Владыку всего Буяна била дрожь. И вовсе не от холода – наоборот, на лбу его выступили крупные капли пота. В комнату втиснулся опоздавший Тарх. Закон, принятый Советом поклонения, обозначал простой порядок предания смертной казни: в ее необходимости должны были сойтись царь и глава Совета мудрости и правды. Тарх подошел к дрожащему Салтану и вопрошающе обвел глазами присутствующих. После недолгого молчания царь повернулся к нему и выдавил:

– Это она. Чаяна.



«Так всегда бывает, когда тебя ведут по незнакомому городу: ты не можешь запомнить всех ходов и выходов», – проносилось в голове юной княжны, пока они с Финистом шли по закоулкам царской крепости. Как идти обратно на площадь Семи звездословов, а тем более к своей комнатушке в стене, она не представляла. За широкой спиной ее конвоира показалась изящная арка, увитая диковинными растениями. Их глянцевитые, кожистые листья напоминали ладони с растопыренными пальцами, из-за которых беззастенчиво глядели круглые лиловые цветки с выпирающими тычинками, окруженными яркими лучами волосков. Они как будто выставляли себя напоказ, наслаждаясь своим бесстыдством. От малейшего дуновения ветерка ветви покачивались, и цветки касались друг друга, на мгновения сплетаясь лепестками и обильно посыпая их пыльцой. «Им и пчелы не нужны», – мелькнуло в мыслях княжны.

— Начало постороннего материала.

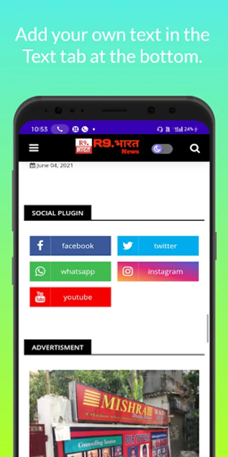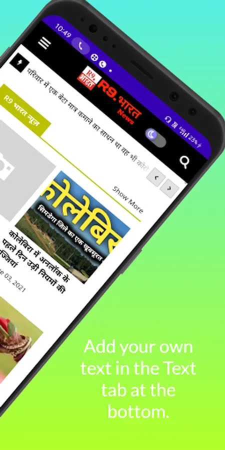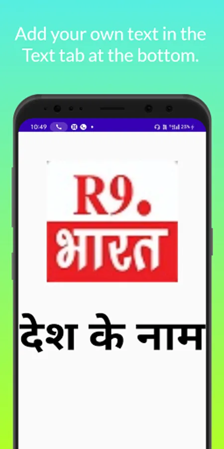 R9. भारत चैनल पर स्वागत है आपका ,यह एक हिंदी न्यूज़ चैनल है जो देश दुनिया के हर गर्म मुद्दे को आपकी स्क्रीन पर परोसता है , दिल्ली-मुंबई हो या गांव-गली की बात , हर नया मुद्दा दिखेगा साथ साथ। राजनीति , देश -दुनिया ,खेल मैदान , मनोरंजन तड़का , बहस संग्राम या फिर हो कोई सनसनी खेज मामला देंगे आपको सबसे सटीक विश्लेषण। सच की तह तक खबर देने की रहेगी हमारी जिम्मेदारी।

В своде арки прятались витые ворота и почти вплотную к ним – вход в скромный по размерам павильон. Приоткрыв калитку в одной из створок, а после и дверь, Финист пригласил княжну пройти внутрь. Сразу после того, как она зашла, молодой опричник поклонился и аккуратно закрыл дверь снаружи. Мила оказалась одна в небольшом помещении, служившем царевичу приемной. Здесь он встречал гостей, общался с посланниками из других стран и беседовал с главами Советов. Стены комнаты были обиты винного цвета бархатом, а пол устлан чередующимися темными и светлыми квадратными плитами – его с легкостью можно было использовать для игры в шахматы. Осмотрев внушительного размера блестящий подвес с лампадами, находящийся в середине высокого потолка, княжна подошла к одной из стен. Здесь расположились две большие прямоугольные картины в массивных золотых рамах. На одном из портретов был изображен грозного вида мужчина, облаченный в расшитые разноцветными камнями темные одежды и золотой головной убор, отороченный соболиным мехом. Копии этого портрета попадались княжне не раз: они занимали почетные места в покоях всех именитых особ, у которых она бывала. Несмотря на то что лицо царя было ей хорошо знакомо, Мила разглядывала портрет так, будто видела его впервые. Густая короткая борода, подернутая серебром, врезалась в широкие скулы. Глаза Салтана были выписаны очень тонко. В их ледяной синеве читалась несокрушимая воля. Четкие скобы бровей делали взгляд владыки всего Буяна еще жестче. Прямой нос свидетельствовал об упрямстве и непоколебимости в решениях. С этим лицом не хотелось спорить ни при каких обстоятельствах.

Насмотревшись на портрет царя, Мила занялась разгадкой второго портрета. Покатый край кокошника, усыпанного жемчугами, не оставлял сомнений: с картины на нее смотрела царица Ильмера. За нитями камней и атласными лентами проглядывали волны темно-каштановых волос. Маленькие ореховые глаза, обведенные полумесяцами черных бровей, опушались длинными ресницами. Напряжение тонких, плотно сжатых губ придавало облику царицы оттенок недовольства, а сухие линии четких скул обозначали ее своенравность. Несмотря на то что лицо царицы Ильмеры можно было без преувеличения назвать ладным, читалось в нем что-то пугающее.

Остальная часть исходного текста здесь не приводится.